• _PROBLEM REQUIREMENTS_
From the data below, please reproduce exactly everything from the line that contains "5pcs Magnetic U-shaped" down to the line that contains "caneca conhecida Azul-cinzenta", with both ends included.

• _INPUT DATA_
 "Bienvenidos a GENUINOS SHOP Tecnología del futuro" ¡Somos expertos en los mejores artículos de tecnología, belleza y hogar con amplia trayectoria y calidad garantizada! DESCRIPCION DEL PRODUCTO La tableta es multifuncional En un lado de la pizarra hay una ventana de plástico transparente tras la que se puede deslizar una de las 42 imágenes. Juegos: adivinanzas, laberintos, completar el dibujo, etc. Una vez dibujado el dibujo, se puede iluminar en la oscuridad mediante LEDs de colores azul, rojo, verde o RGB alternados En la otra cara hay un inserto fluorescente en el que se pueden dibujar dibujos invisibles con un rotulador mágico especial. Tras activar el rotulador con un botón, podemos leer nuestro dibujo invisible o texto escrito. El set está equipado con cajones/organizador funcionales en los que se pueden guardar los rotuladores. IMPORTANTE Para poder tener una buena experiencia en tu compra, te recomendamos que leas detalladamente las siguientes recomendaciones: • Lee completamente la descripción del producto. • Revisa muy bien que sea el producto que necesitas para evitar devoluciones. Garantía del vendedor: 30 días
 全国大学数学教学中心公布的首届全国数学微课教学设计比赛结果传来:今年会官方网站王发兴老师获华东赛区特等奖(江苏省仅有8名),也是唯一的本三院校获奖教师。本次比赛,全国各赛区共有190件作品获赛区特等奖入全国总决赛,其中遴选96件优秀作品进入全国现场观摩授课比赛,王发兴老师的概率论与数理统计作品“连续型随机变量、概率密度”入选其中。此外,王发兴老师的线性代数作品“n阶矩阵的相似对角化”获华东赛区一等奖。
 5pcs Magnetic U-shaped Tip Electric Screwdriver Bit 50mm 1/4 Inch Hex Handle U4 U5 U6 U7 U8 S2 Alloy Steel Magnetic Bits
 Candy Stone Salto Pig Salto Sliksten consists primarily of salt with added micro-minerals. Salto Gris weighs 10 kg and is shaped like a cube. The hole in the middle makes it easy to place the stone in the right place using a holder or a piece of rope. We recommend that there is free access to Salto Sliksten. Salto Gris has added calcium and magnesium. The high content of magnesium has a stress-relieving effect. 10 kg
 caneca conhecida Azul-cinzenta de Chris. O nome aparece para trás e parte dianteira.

--

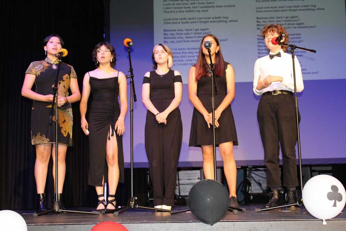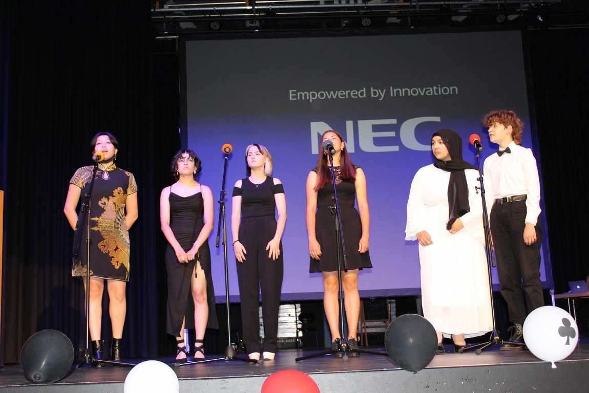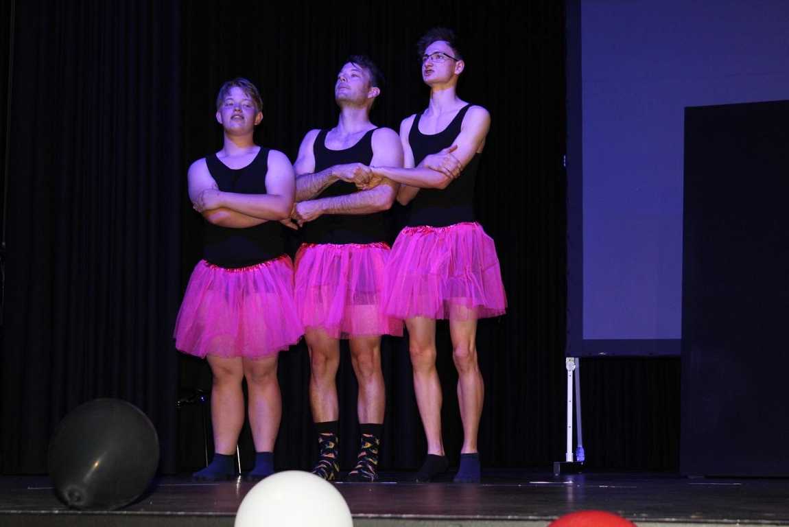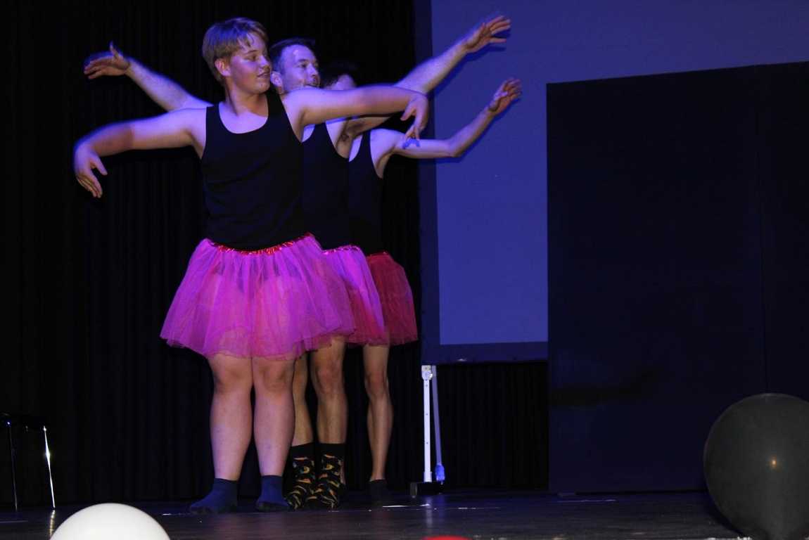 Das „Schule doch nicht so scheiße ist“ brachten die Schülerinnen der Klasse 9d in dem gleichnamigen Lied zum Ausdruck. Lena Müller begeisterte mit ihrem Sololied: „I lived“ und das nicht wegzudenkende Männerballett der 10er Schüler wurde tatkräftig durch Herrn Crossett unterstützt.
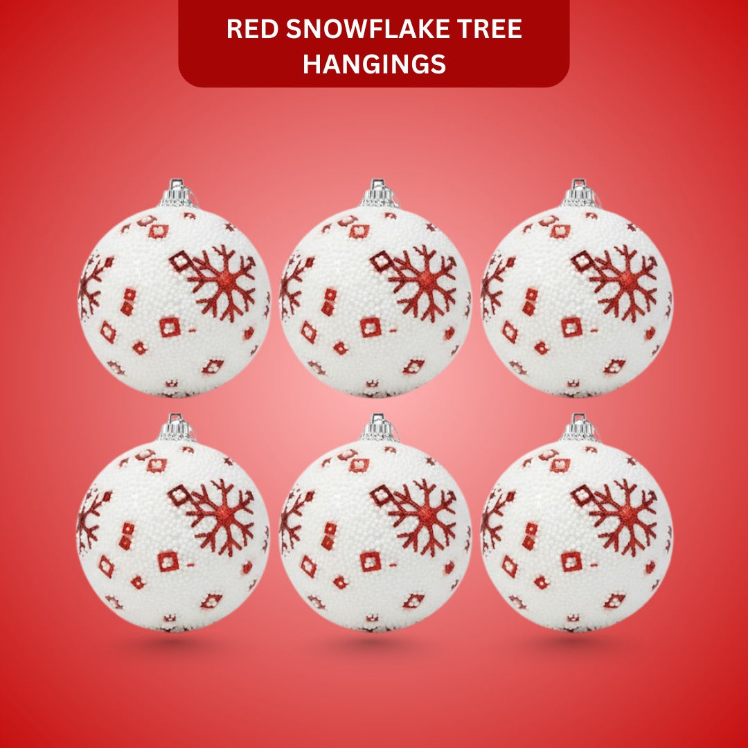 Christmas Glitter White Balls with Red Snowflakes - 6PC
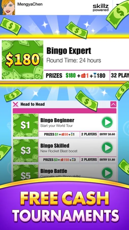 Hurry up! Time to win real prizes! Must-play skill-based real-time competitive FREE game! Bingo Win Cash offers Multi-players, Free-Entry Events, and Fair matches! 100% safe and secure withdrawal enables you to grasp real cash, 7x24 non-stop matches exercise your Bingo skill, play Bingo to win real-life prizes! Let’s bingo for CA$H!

• _RESPONSE BELOW_
 5pcs Magnetic U-shaped Tip Electric Screwdriver Bit 50mm 1/4 Inch Hex Handle U4 U5 U6 U7 U8 S2 Alloy Steel Magnetic Bits
 Candy Stone Salto Pig Salto Sliksten consists primarily of salt with added micro-minerals. Salto Gris weighs 10 kg and is shaped like a cube. The hole in the middle makes it easy to place the stone in the right place using a holder or a piece of rope. We recommend that there is free access to Salto Sliksten. Salto Gris has added calcium and magnesium. The high content of magnesium has a stress-relieving effect. 10 kg
 caneca conhecida Azul-cinzenta de Chris. O nome aparece para trás e parte dianteira.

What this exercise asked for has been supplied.